INPUT DATA –

☆ ☆ ☆ ☆ ☆ ☆ ☆

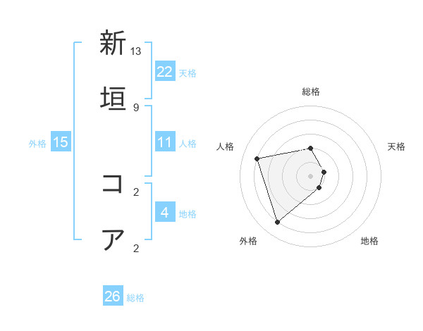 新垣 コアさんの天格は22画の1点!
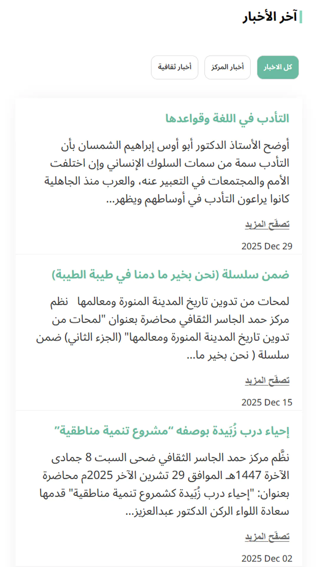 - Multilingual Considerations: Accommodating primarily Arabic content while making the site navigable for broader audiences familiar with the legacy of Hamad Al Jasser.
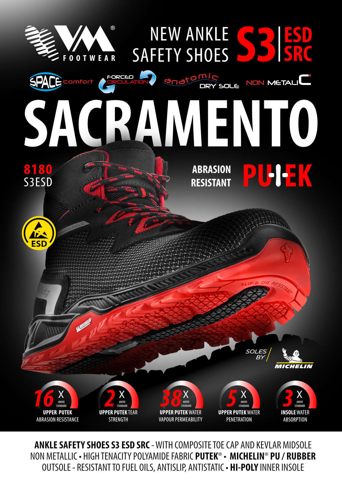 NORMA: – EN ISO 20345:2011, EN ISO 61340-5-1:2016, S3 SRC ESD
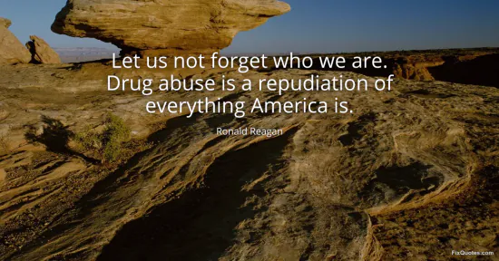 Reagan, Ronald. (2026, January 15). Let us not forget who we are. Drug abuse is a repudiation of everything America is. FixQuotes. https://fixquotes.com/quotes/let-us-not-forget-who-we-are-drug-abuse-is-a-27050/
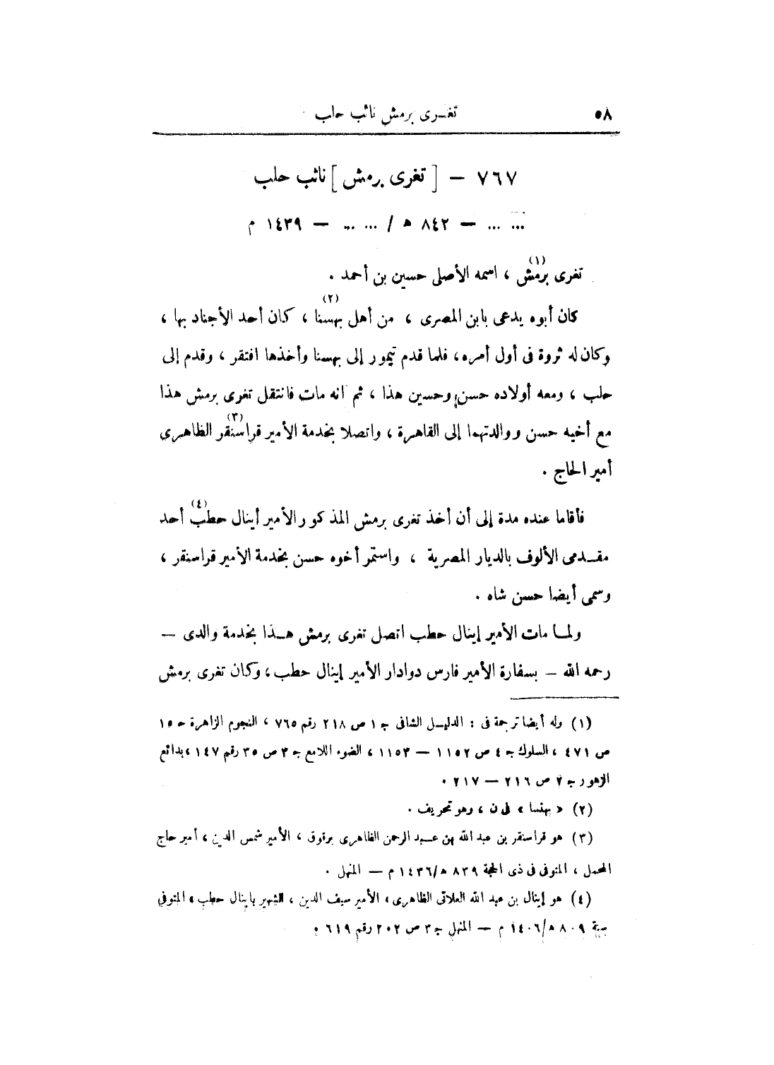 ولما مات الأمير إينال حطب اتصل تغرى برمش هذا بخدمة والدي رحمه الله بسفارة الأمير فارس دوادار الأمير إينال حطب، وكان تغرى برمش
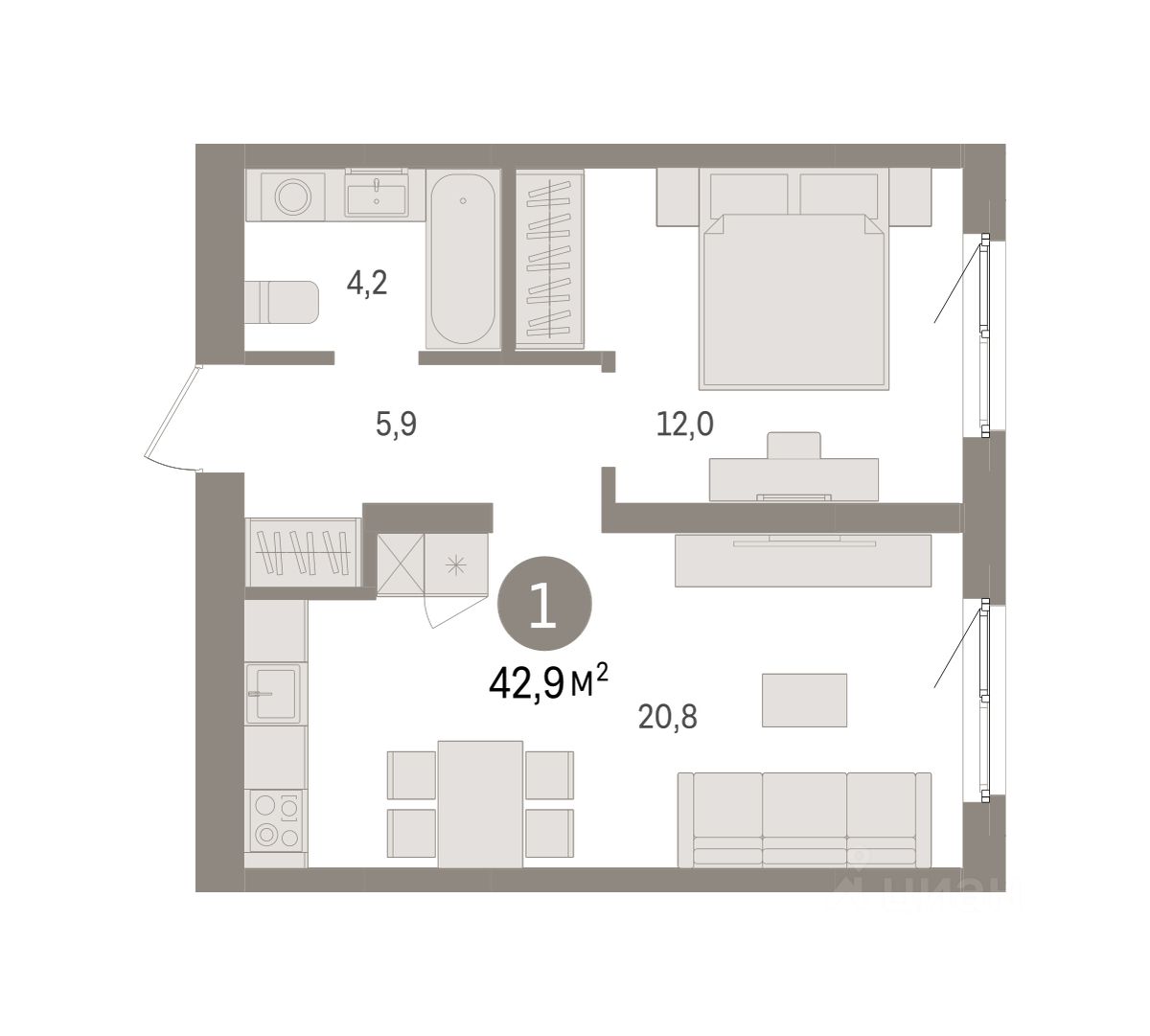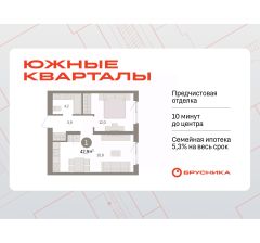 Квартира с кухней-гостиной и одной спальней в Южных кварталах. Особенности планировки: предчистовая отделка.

☆ ☆ ☆ ☆ ☆ ☆ ☆

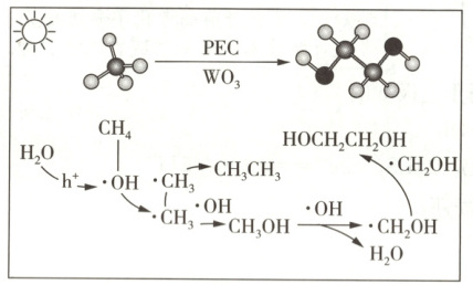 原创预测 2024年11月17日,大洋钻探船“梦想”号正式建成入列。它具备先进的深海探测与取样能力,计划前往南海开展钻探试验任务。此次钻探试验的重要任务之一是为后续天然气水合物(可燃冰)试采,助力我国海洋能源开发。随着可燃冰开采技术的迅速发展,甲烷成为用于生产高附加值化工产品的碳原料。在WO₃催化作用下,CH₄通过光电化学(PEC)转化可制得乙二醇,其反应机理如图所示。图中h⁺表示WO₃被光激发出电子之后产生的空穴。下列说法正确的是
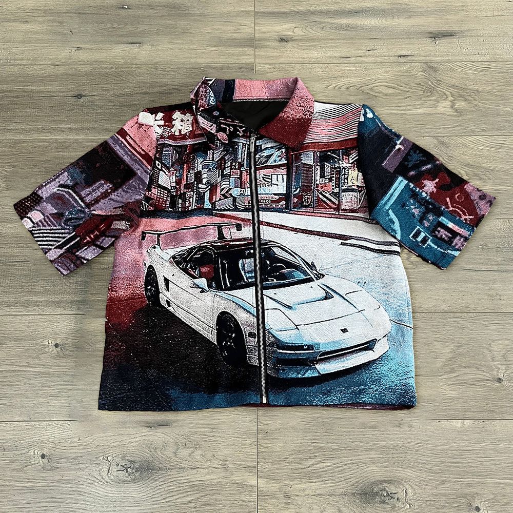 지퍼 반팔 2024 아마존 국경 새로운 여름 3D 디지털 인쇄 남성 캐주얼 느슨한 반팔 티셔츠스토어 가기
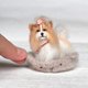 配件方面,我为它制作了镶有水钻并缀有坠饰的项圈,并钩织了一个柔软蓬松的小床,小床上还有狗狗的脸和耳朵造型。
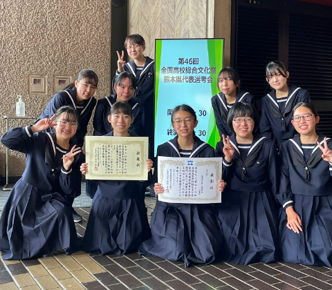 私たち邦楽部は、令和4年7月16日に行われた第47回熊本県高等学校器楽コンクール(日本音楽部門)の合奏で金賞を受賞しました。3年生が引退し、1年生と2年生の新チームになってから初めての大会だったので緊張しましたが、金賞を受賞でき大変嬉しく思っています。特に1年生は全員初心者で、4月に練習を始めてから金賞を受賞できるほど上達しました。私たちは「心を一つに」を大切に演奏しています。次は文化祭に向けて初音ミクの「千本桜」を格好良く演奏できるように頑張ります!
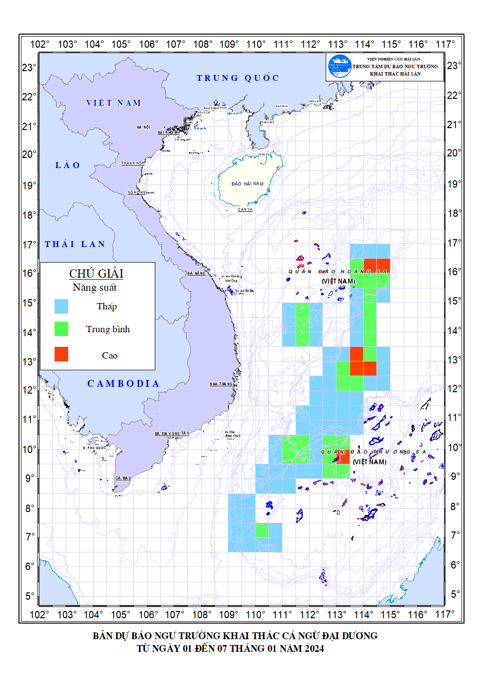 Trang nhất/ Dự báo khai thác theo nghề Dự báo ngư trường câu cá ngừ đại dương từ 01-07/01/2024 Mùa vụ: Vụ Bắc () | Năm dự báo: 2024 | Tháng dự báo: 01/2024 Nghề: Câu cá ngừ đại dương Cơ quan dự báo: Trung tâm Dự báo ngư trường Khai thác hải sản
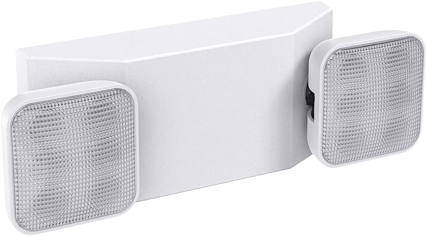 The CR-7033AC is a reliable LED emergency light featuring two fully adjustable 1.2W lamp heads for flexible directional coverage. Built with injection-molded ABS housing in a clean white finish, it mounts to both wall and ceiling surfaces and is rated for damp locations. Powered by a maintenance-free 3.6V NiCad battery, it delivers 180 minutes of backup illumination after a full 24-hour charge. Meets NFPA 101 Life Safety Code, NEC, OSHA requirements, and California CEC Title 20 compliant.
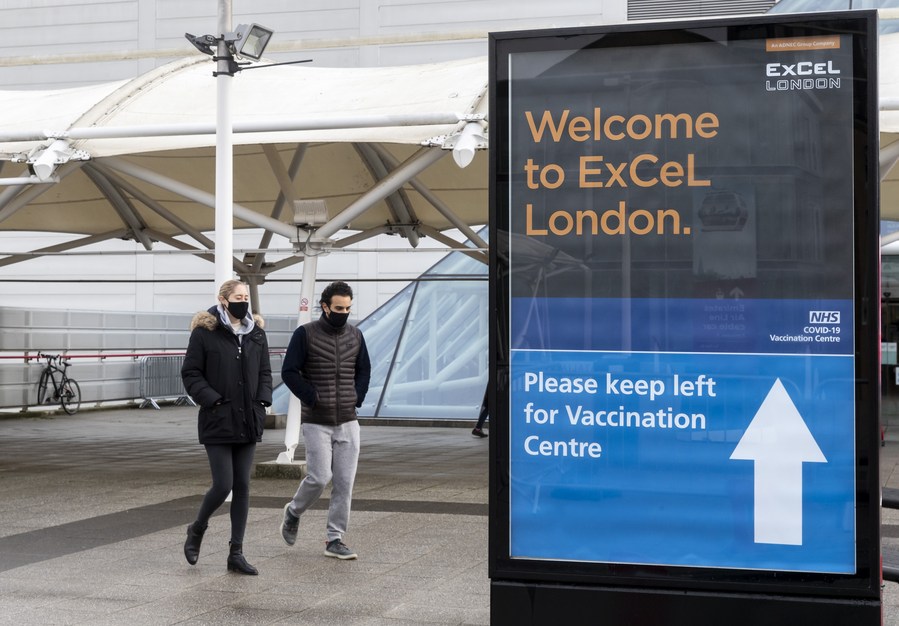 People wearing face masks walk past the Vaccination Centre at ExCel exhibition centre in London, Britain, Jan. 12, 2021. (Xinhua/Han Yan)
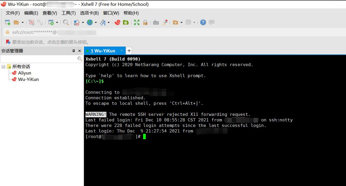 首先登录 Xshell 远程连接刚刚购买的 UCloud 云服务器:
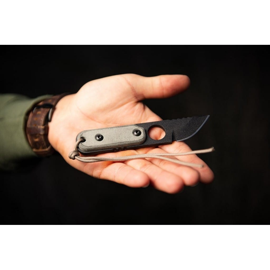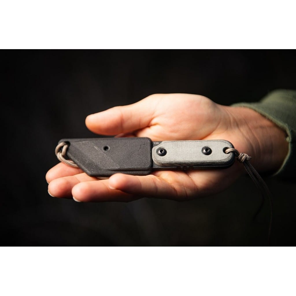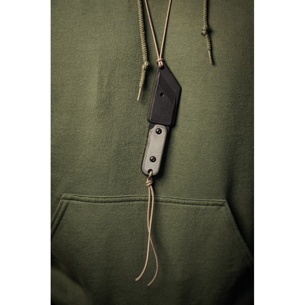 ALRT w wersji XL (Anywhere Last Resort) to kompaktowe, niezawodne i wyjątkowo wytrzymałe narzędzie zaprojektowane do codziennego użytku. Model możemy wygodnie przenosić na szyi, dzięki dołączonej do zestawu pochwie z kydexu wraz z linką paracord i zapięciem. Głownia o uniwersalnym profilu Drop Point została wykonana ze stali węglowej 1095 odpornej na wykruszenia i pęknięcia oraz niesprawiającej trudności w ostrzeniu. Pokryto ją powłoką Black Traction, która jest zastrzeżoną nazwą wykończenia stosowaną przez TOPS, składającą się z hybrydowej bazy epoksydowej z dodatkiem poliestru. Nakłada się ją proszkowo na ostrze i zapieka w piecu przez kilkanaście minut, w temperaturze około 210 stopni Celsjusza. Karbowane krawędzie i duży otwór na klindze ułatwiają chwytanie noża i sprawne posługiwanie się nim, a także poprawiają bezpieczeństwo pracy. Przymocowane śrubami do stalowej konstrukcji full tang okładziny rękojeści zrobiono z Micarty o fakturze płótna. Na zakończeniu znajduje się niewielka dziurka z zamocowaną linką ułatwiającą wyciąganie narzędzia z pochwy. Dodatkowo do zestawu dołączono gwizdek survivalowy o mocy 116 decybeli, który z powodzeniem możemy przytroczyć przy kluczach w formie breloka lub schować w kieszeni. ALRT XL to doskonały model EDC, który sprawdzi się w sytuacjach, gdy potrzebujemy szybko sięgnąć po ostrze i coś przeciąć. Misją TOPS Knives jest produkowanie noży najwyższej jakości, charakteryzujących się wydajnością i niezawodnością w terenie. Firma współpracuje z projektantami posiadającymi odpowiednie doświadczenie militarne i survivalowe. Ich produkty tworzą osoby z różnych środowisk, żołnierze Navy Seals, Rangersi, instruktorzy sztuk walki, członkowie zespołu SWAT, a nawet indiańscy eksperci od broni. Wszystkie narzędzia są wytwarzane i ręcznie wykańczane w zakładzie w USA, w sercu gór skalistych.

☆ ☆ ☆ ☆ ☆ ☆ ☆

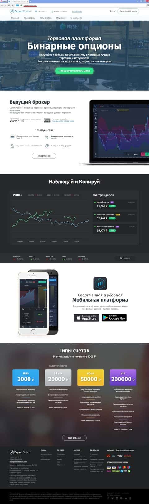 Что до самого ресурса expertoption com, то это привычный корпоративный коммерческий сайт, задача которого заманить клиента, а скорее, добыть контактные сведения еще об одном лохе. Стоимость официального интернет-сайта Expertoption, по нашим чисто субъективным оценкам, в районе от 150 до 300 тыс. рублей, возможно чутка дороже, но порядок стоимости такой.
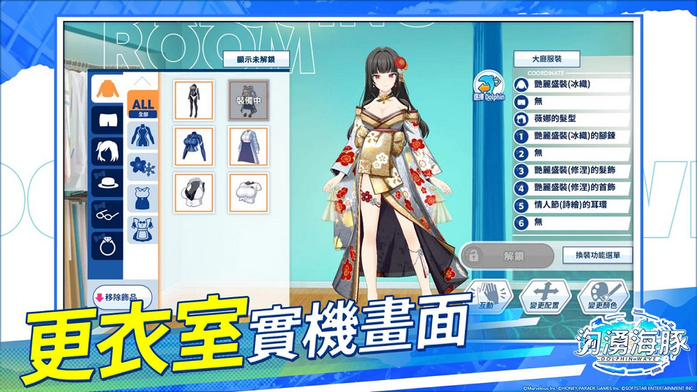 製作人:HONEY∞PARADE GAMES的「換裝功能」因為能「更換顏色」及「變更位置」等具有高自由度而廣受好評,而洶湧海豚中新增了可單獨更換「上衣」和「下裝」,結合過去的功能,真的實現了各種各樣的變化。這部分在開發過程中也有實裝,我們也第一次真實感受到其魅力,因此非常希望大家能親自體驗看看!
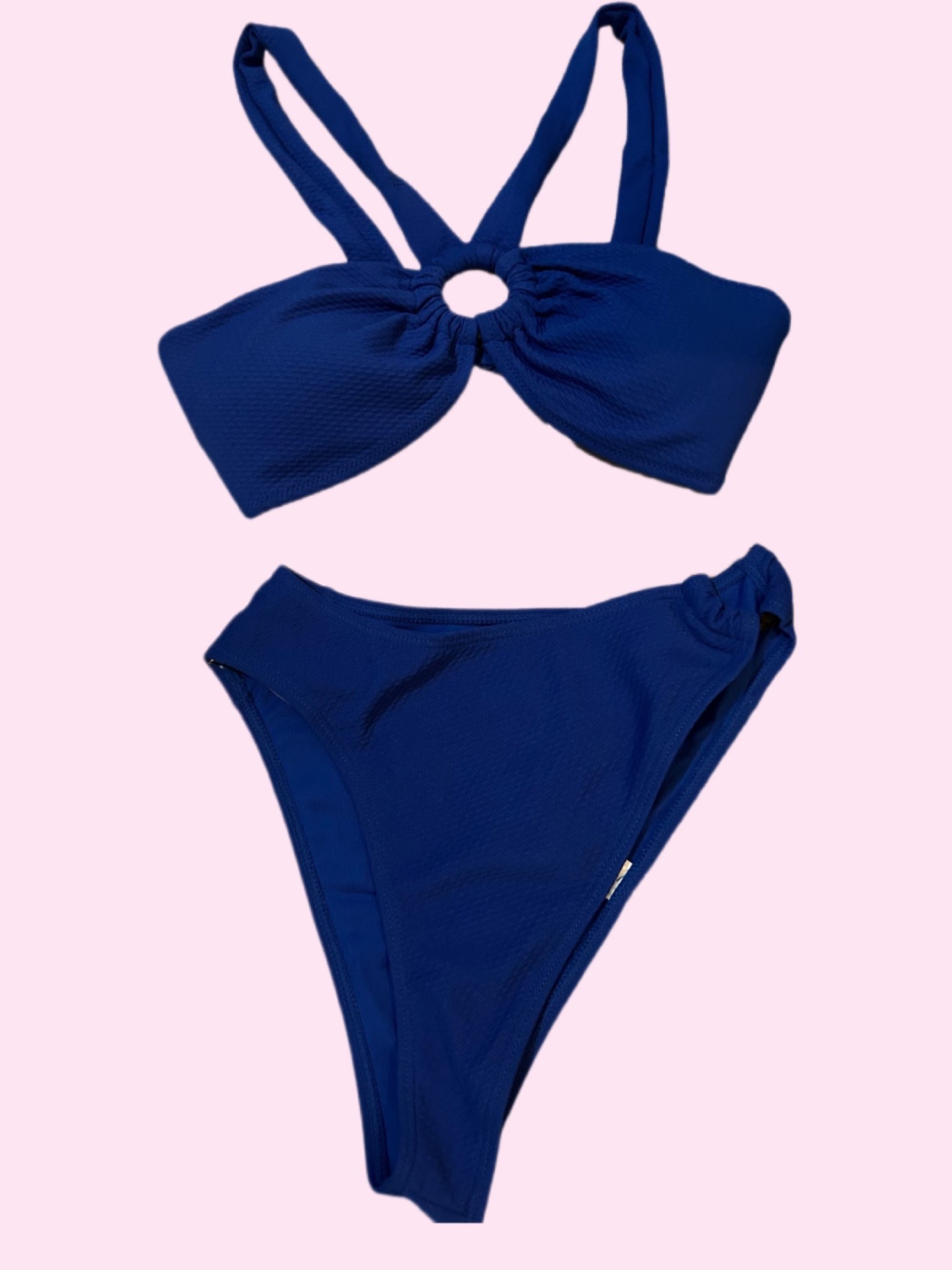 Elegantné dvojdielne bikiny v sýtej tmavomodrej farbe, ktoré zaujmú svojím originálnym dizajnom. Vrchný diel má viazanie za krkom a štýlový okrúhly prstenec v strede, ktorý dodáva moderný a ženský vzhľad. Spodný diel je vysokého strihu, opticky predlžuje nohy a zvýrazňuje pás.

☆ ☆ ☆ ☆ ☆ ☆ ☆

YOUR ASSIGNMENT – Using the records above, print exactly the run of lines that starts with the line with "新垣 コアさんの天格は22画の1点!" and goes on through the line with "Квартира с кухней-гостиной", pictures excluded.

TASK ANSWER –
 新垣 コアさんの天格は22画の1点!
 - Multilingual Considerations: Accommodating primarily Arabic content while making the site navigable for broader audiences familiar with the legacy of Hamad Al Jasser.
 NORMA: – EN ISO 20345:2011, EN ISO 61340-5-1:2016, S3 SRC ESD
 Reagan, Ronald. (2026, January 15). Let us not forget who we are. Drug abuse is a repudiation of everything America is. FixQuotes. https://fixquotes.com/quotes/let-us-not-forget-who-we-are-drug-abuse-is-a-27050/
 ولما مات الأمير إينال حطب اتصل تغرى برمش هذا بخدمة والدي رحمه الله بسفارة الأمير فارس دوادار الأمير إينال حطب، وكان تغرى برمش
 Квартира с кухней-гостиной и одной спальней в Южных кварталах. Особенности планировки: предчистовая отделка.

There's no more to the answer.